- Directed by: Norman Lee
- Screenplay by: F. McGrew Willis
- Produced by: Walter C. Mycroft
- Starring: Jack La Rue; Sandra Storme; Googie Withers; Bernard Lee;
- Cinematography: Claude Friese-Greene
- Edited by: Edward B. Jarvis
- Music by: Harry Acres; Kenneth Leslie-Smith;
- Production company: Associated British Picture Corporation
- Distributed by: Associated British Film Distributors (UK)
- Release date: February 1939 (UK);
- Running time: 70 minutes
- Country: United Kingdom
- Language: English
- Budget: £25,577

= Murder in Soho =

Murder in Soho (U.S. title: Murder in the Night.) is a 1939 British crime film directed by Norman Lee and starring Jack La Rue, Sandra Storme, Googie Withers and Bernard Lee. The screenplay was by F. McGrew Willis. It concerns a murder in the Central London district of Soho.

==Plot==
Club owner Steve Marco is a criminal club-owner with social aspirations.
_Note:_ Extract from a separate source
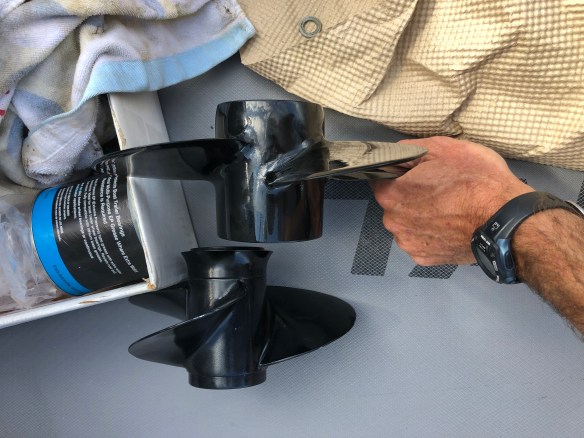 While buying parts I asked the Suzuki dealer about propellers and our inability to power above 4300 rpm. And we have very little reverse capability with the stock 9″ diameter, 10 pitch. Two years ago I went rogue and tried a flatter four blade but that didn’t solve it. Wish I had found these Suzuki guys in Sausalito sooner. Came away Wednesday with this.

After a murder in his club he shoots an accomplice who tries to double-cross him. Inspector Hammond investigates and solves the case with the help of one of the club's hostesses.

==Cast==
- Jack La Rue as Steve Marco
- Sandra Storme as Ruby Lane
- Bernard Lee as Roy Barnes
- Martin Walker as Inspector Hammond
- James Hayter as Nick Green
- Googie Withers as Lola Matthews
- Drue Leyton as Myrtle
- Arthur O'Connell as Lefty
- Edmon Ryan as Spike
- Francis Lister as Joe
- Alf Goddard as Mike
- Robert Beatty as Jack
- Diana Beaumont as girl
- Renee Gadd as woman in police station
- Joss Ambler as drunk

==Reception==
The Monthly Film Bulletin wrote: "A film which starts off with a certain amount of promise and speed but does not keep it up for long enough. The Inspector's interviews with the witnesses are incredibly incompetent, and as the identity of the murderer is known to the audience very carly in the film no mystery survives to sustain the interest. Jack La Rue and Sandra Storme are good to look upon, though the acting of the latter is sometimes wooden and unconvincing. Martin Walker introduces a certain amount of laconic humour as the Inspector."

In British Sound Films: The Studio Years 1928–1959 David Quinlan rated the film as "mediocre", writing: "Familiar 'quickie' nightclub thriller."